CAY

General terms and conditions

§ 1 Scope of Application

  1. The following general terms and conditions (hereinafter “GTC”) are valid between CAY SOLUTIONS GmbH (hereinafter “CAY”) and its customers regarding the individual agreed upon deliveries and services.
  2. Subject of the contract is the granting of the possibility to use the offered software as an online or offline solution (e.g. internet platforms), adaptations of software solutions, deliveries of print products and various other individual deliveries or services that have been ordered for commission by the customer. In the case that CAY may have provided the customers with their own solutions via Internet access, the rights of use described in § 7 apply.
  3. This offer is directed at customers who are entrepreneurs within the meaning of § 14 BGB (German Civil Code), a legal entity under Public Law or a Special Fund under Public Law.
  4. We shall accept conflicting GTC or GTC that deviate from our own GTC only under the condition that we explicitly agree to their validity in writing. These GTC shall also apply only if Vaitego executes the customer’s orders without any reservation, in full knowledge of the conflicting or deviating conditions of the customer.

§2 Conclusion of contract

  1. All our offers and information in our price lists, catalogs, advertisements, advertising material and Internet pages are non-binding and subject to change at all times. We explicitly reserve the right to change all information displayed via above mentioned subjects at any time. Declarations of acceptance and all orders of the customer are binding and, for legal validation, require our written or telex (e-mail or fax) confirmation. Deliveries and invoicing are equivalent to written confirmations.
  2. The contract shall only be concluded when CAY SOLUTIONS issues a Declaration of Acceptance, which is sent by a separate letter, fax or e-mail (order confirmation) and in which the customer’s order shall be listed again.
  3. By placing an order, the customer shall confirm that they are of age and therefore entitled to conclude a contract on behalf of their company or school, if necessary.

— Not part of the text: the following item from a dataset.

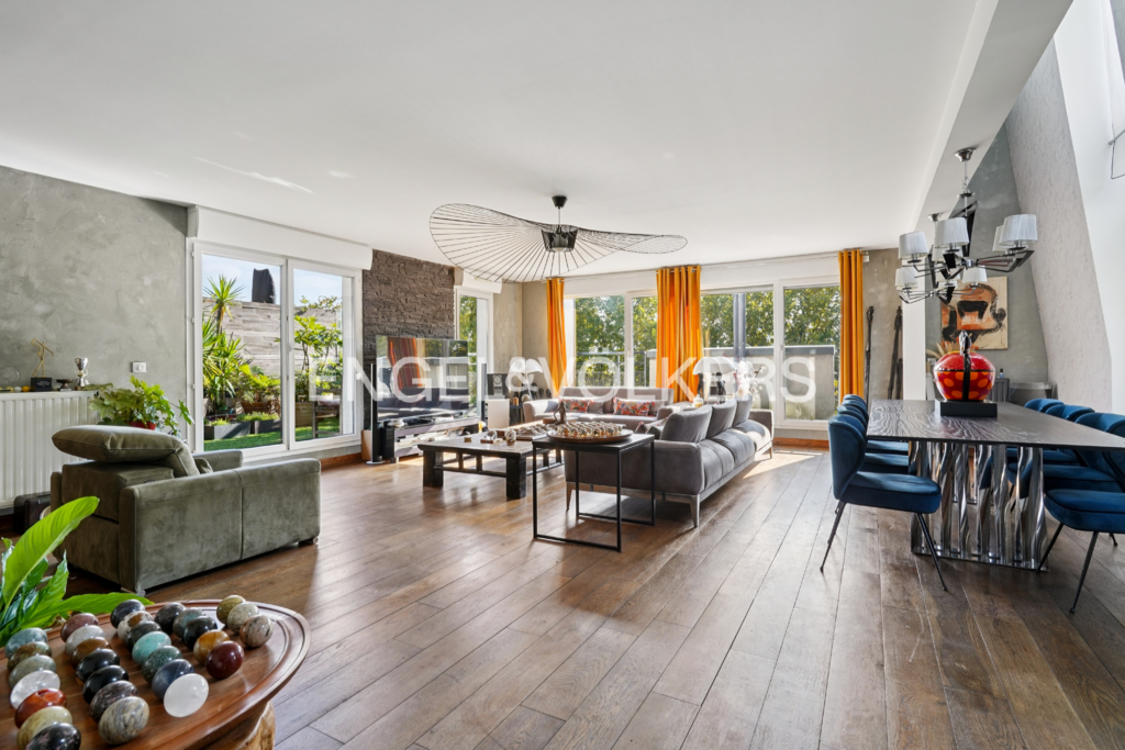 Aux portes de Paris, proche des quais de Seine, situé au dernier étage d'une résidence contemporaine de 2007, ce duplex d'exception de 159 m² avec 125 m² d'espace extérieur privatif offre un art de vivre rare, alliant élégance, confort et sérénité.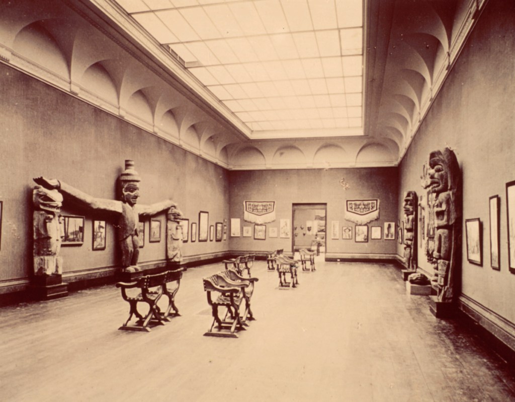 Cette exposition marquante eut lieu au Musée des Beaux-Art d’Ottawa en 1927 et à la Galerie d’art de Toronto en 1928. Comme on le voit ci-dessus, la mise en valeur des oeuvres est sobre, une juxtaposition de tableaux d’artistes canadiens et d’objets de la culture autochtone de la Côte Nord-Ouest. On peut se demander qu’est-ce qui était le plus mis en valeur: les oeuvres des artistes canadiens ayant voyagé sur la Côte Nord-Ouest ou les oeuvres autochtones proprement dites? Le titre qualifie ce qui est présenté d’un épithète unique – Art canadien de la Côte Ouest, mais le sous-titre dépasse un peu du jupon comme on dit parfois, en opposant le caractère autochtone au caractère moderne (native and modern), volontairement ou non. Est-ce dans un élan soudain de sympathie, digne du paradigme de sauvetage dont il a été question plus haut, qu’on associe dans une exposition nationale l’art autochtone à l’art canadien? Est-ce dans la même lignée que l’assimilation des enfants autochtones dans les pensionnats dès le milieu des années 1800 pour qu’ils deviennent de petits canadiens? L’exposition d’Ottawa en 1927 coïncide également avec le 60ème anniversaire de la Confédération, à une époque où l’identité canadienne tente de se raffermir. Ce jubilé de diamant est un des premiers événements majeurs de la fête du Dominion parrainés par le gouvernement fédéral. Mais tous ne sont pas de la même opinion.

§3 Retention of title clause

  1. We reserve the rightful ownership of all delivered goods and services rendered until the complete fulfillment of the contract and all our claims against the buyer. Any form of pawning or transfer of security before that is strictly prohibited. In case of third parties claiming access in any form, it is the buyer’s obligation to inform us immediately. The buyer is also obligated to always safeguard the property of CAY even if the delivered goods and services are not intended directly for the buyer, but for third parties. The buyer must inform the potential third party recipient of this retention of title. The buyer must treat all goods subject to retention of title with care at all times.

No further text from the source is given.